American botanist and bryologist

Annie Morrill Smith (February 13, 1856 - November 11, 1946) was an American botanist and bryologist from Brooklyn. She was a largely self-taught scientist, and became an important member of the Sullivant Moss Society. From 1906 to 1911 she acted as the sole editor of The Bryologist. She also published a number of important genealogical books.

== Early life and education ==
Born Annie Elizabeth Morrill, she was a daughter of Cynthia (Langdon) and Henry Edwin Morrill, M.D. She was educated at Packer Collegiate Institute, and in 1880 married Hugh Montgomery Smith.

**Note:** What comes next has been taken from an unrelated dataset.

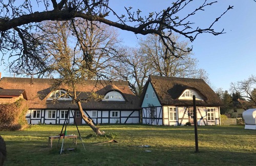 The "old fishery", a historic thatched roof house, with the 3 non-smoking holiday apartments "Kapitänstube", "Heimathafen" and "Fischerkoje" dates in part from the 17th Century and is a listed building. It was completely renovated and modernized in 1997. The associated “trap house” could not be saved and was rebuilt. Both buildings are provided with a thatched roof, a typical roof covering. The owner of this collector's item has tried to take the history, charm and charisma of this house into consideration, even if this means that some modern achievements are missing. All apartments are comfortably and extensively equipped so that guests can feel at home. The houses are surrounded by a park-like, near-natural garden with old trees and spacious lawns. The property is centrally but quietly located in the center of Bodstedt on the south coast of the Bodden of the same name. Equipment: non-smoking, compact stereo system with radio and CD player, television, free internet via W-LAN, shoe drip tray and cloakroom in the entrance area of each apartment.All beds have a size of 90x200cm double beds with single mattresses 90x200cm mosquito screens on the windows of the bedrooms , foldable luggage benches laundry package to be booked, baby equipment (travel cot, high chair ...) on request digital safe (except "captain's room") in the bedroom closet, light wooden floors, blackout curtains, additional blankets and pillows for indoor use, small selection of toys and books for everyone Old, designed brochures, magazines and guidebooks extensive kitchen equipment on cooking and food preparation equipment with mixer / kneader, baking molds and utensils as well as cooking and baking books stove, oven, microwave, refrigerator with freezer and Dishwasher ironing board and a steam iron cleaning equipment such as Vacuum cleaner, broom, hand brush, feather duster, cloth and cleaning agent (cleaning cabinet) Shopping basket First aid case for minor ailments Washing machine (each in the bathroom "home port" and "captain's room") Bathroom equipment with hairdryer, towel hook and bathtub and / or Shower cabin, window The garden of the old fishery is open to all guests and with 3000m2 is big enough for all guests. direct access to the garden (except "Fischerkoje" in the 1st OG) 1 seat with furniture and beach chair per apartment grill grate with fireplace in the back garden shed for brought leisure equipment for games and sports children's play area with swings, sandpit and slide, children's house bike stand covered, 1 car parking space per apartment

When she was young, Annie Morrill Smith had studied botany abroad, and became interested in bryophytes and lichens. She was acquainted with Elizabeth Gertrude Britton and Abel Joel Grout, cofounders of the Sullivant Moss Society.

== Career ==
Following the unexpected death of her husband in 1897, Smith became associate editor of The Bryologist, a journal published by the Sullivant Moss Society. In 1905, she became the formal editor and served in this role until 1911. During this time, Smith used much of her personal wealth to keep the Society solvent. She served as treasurer of the Society for 10 years; she was vice president for seven years; and president for two years.

Smith also published several genealogical books, including From One Generation To Another (1906) about the Langdon family, Morrill Kindred in America (1914) about the Morrills, and Ancestors of Henry Montgomery Smith and Catherine Forshee (1921). She is buried at Green-Wood Cemetery, Brooklyn.